■ **Extracted data**:
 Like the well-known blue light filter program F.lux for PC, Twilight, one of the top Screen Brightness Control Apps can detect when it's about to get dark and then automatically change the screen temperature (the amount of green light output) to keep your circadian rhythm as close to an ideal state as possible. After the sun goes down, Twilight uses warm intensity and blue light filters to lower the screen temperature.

---

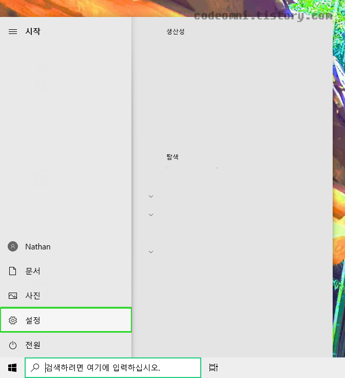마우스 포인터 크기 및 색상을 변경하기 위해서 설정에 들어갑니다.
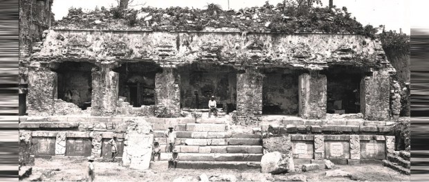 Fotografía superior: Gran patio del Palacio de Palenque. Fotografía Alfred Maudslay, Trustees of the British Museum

■ **Work required**:
Only the lines starting at the one with "마우스 포인터 크기 및 색상을 변경하기 위해서 설정에 들어갑니다." and ending at the one with "Fotografía superior: Gran" should be printed, each exactly as it appears in the material above; the pictures are to be omitted.

■ **Result of the exercise**:
마우스 포인터 크기 및 색상을 변경하기 위해서 설정에 들어갑니다.
 Fotografía superior: Gran patio del Palacio de Palenque. Fotografía Alfred Maudslay, Trustees of the British Museum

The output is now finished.